Officials from the Venezuelan National Land Institute supported by the National Guard, took over 31 farms around the country on Monday, totalling 48,000 acres (19,000 hectares) of farmland.
Minister of Agriculture and Land, Elias Jaua hands over La Milagrosa to peasants (Tubal José Padilla)

Caracas, November 24, 2009 (venezuelanalysis.com) – Officials from the Venezuelan National Land Institute supported by the National Guard, took over 31 farms around the country on Monday, totalling 48,000 acres (19,000 hectares) of farmland. The government said the landowners did not have legal titles or were not putting the land to adequate use.

Among the farms occupied was the La Milagrosa property owned by opposition leader and ex-presidential candidate, Manuel Rosales, in Zulia state. Rosales fled to Peru early this year in order to avoid corruption charges.

Agriculture Minister Elias Jaua denied the takeovers were politically motivated and clarified that the measure is perfectly legal under the 2001 Land Law which allows the government to take over lands deemed idle or not adequately used.

“La Milagrosa was taken over from the beginning of the year by a committee of the National Land Institute, who performed the respective assessments to verify the productivity of these lands, determining that they were abandoned and were in complete idleness,” he said.

“We are acting within the law. No one from the opposition or government may hide behind their political position to violate the laws of the Republic,” he added.

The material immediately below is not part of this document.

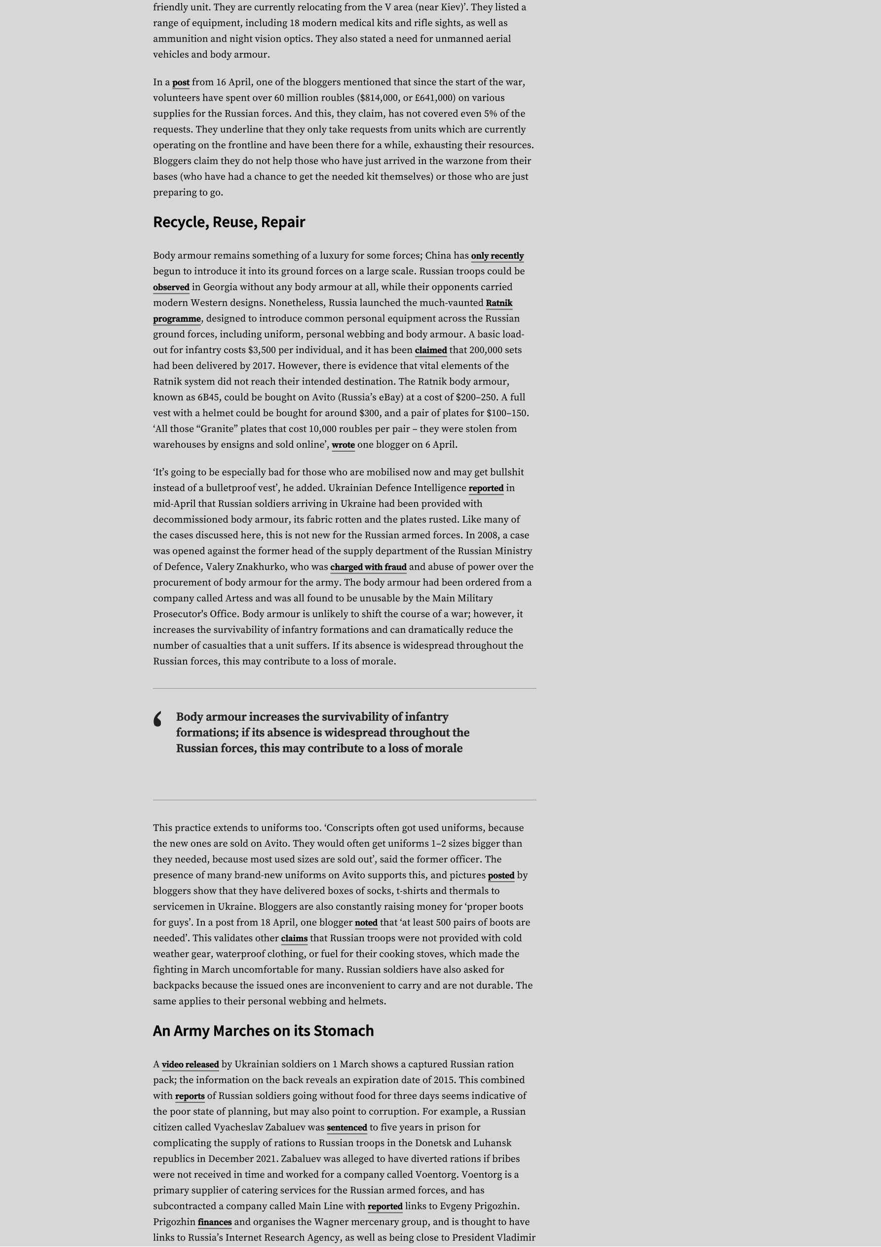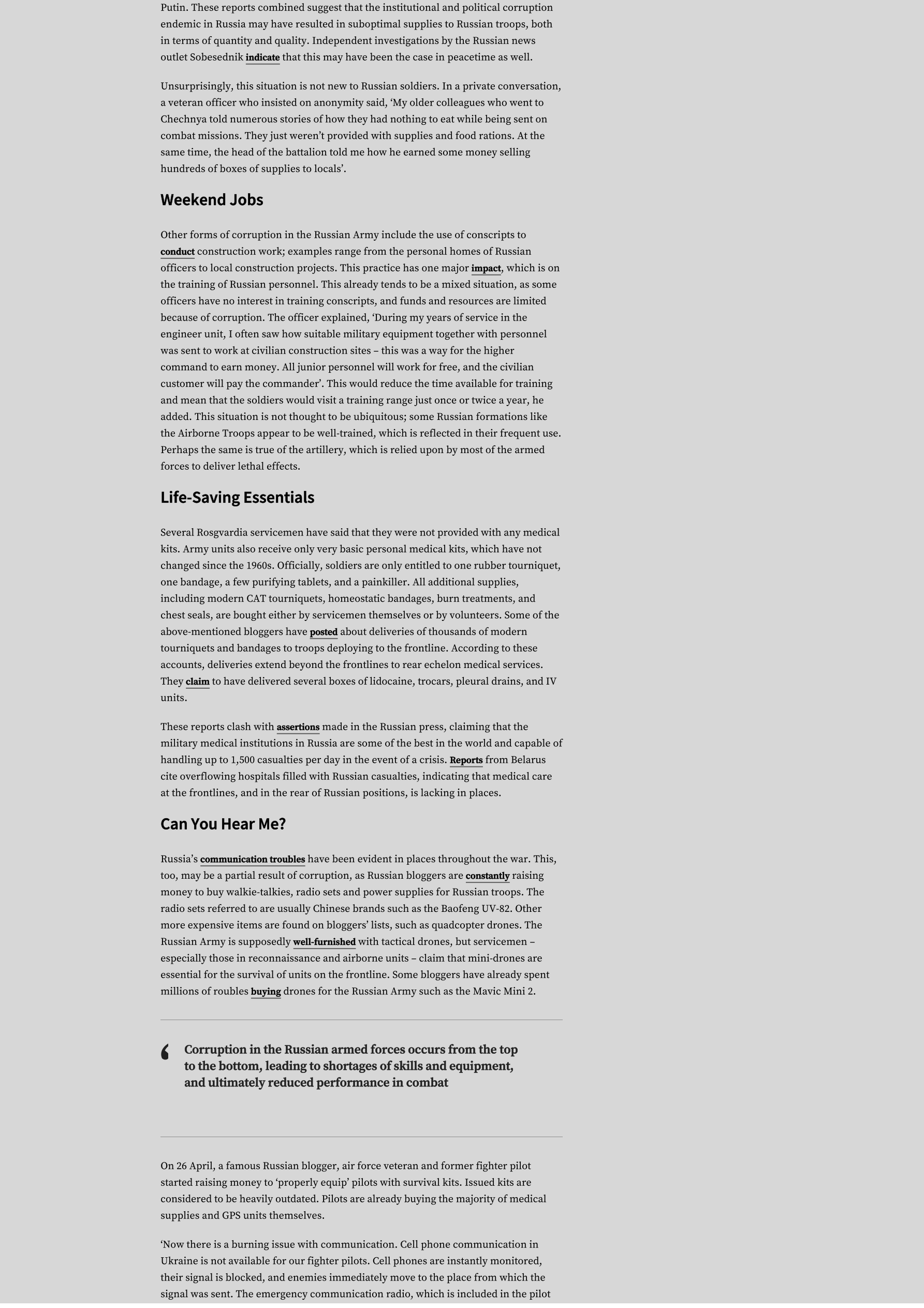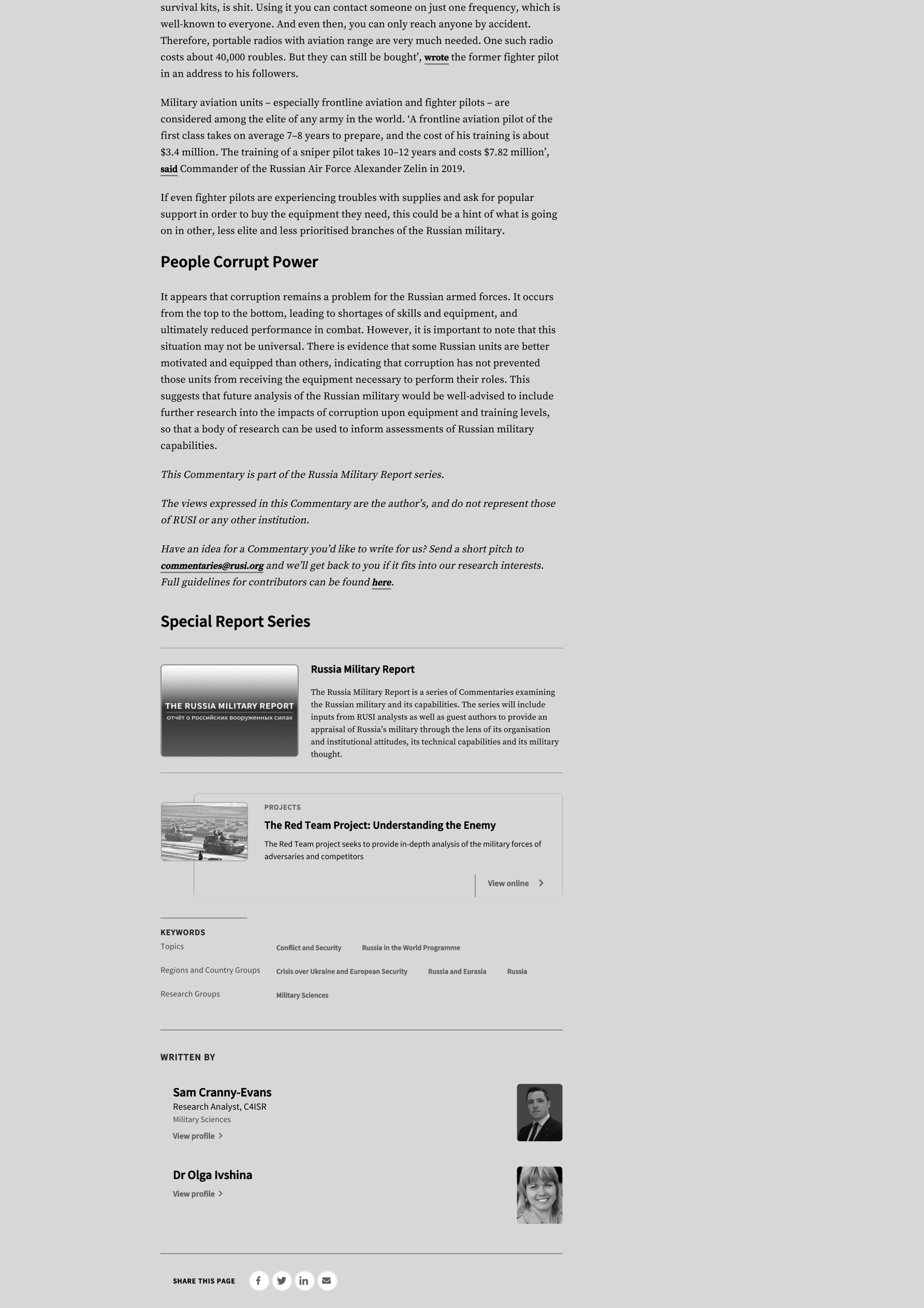 Explore our Research Events News & Comment Membership NextGen About Contact Log in Explore Our Research / Publications / Commentary COMMENTARY Corruption in the Russian Armed Forces Sam Cranny-Evans and Dr Olga Ivshina 12 May 2022 Long Read SHARE Corruption is endemic in Russia and is pervasive within its defence industrial sector and armed forces. Evidence from Ukraine suggests that it is costing Russian lives. Corruption in the Russian armed forces, and society in general,...

Jaua’s announcement came after the business group Fedecamaras, whose former leader Pedro Carmona led an illegal coup against President Hugo Chavez in 2002, denounced what it called illegal farm takeovers in central Guarico state. Fedecamaras described the interventions as an “attack on private property.”

However, the measures are part of a “recuperation” policy of “unproductive land” whose ownership has not been legally verified, Jaua explained.

The agriculture minister announced that sixteen farms, totalling almost 20,000 acres, were taken over near the southern part of Lake Maracaibo, in the states of Zulia, Mérida, Trujillo and Tachira. A total of nine properties were recovered in Guarico state, and at least six in Barinas.

The government is examining the situation of a further twelve properties in Zulia to see if they are productive, the minister added.

The La Milagrosa property will become part of the Florentino Socialist Production Company, which involves 149 peasants who are supported by the state owned Venezuelan Agricultural Corporation.

Minister Jaua, the president of the National Land Institute, Juan Carlos Loyo, and Corpozulia president, General Carlos Martínez Mendoza, handed over the property in a formal ceremony on Monday.

The biggest single property recovered by the government was 6,000 idle acres near the Tiznado River in the state of Guarico.  The government said agricultural production will be reactivated on the property and incorporated into a national strategic plan for food production.

Jaua announced that the government’s goal is to recover 300,000 hectares of unproductive land by the end of the year.

An estimated 2.5 million hectares of land have been recovered since President Hugo Chavez took office and the 2001 Land Law was passed.

More than 200 peasant leaders have also been assassinated since 2001 by suspected mercenaries contracted by large landowners resisting land reform.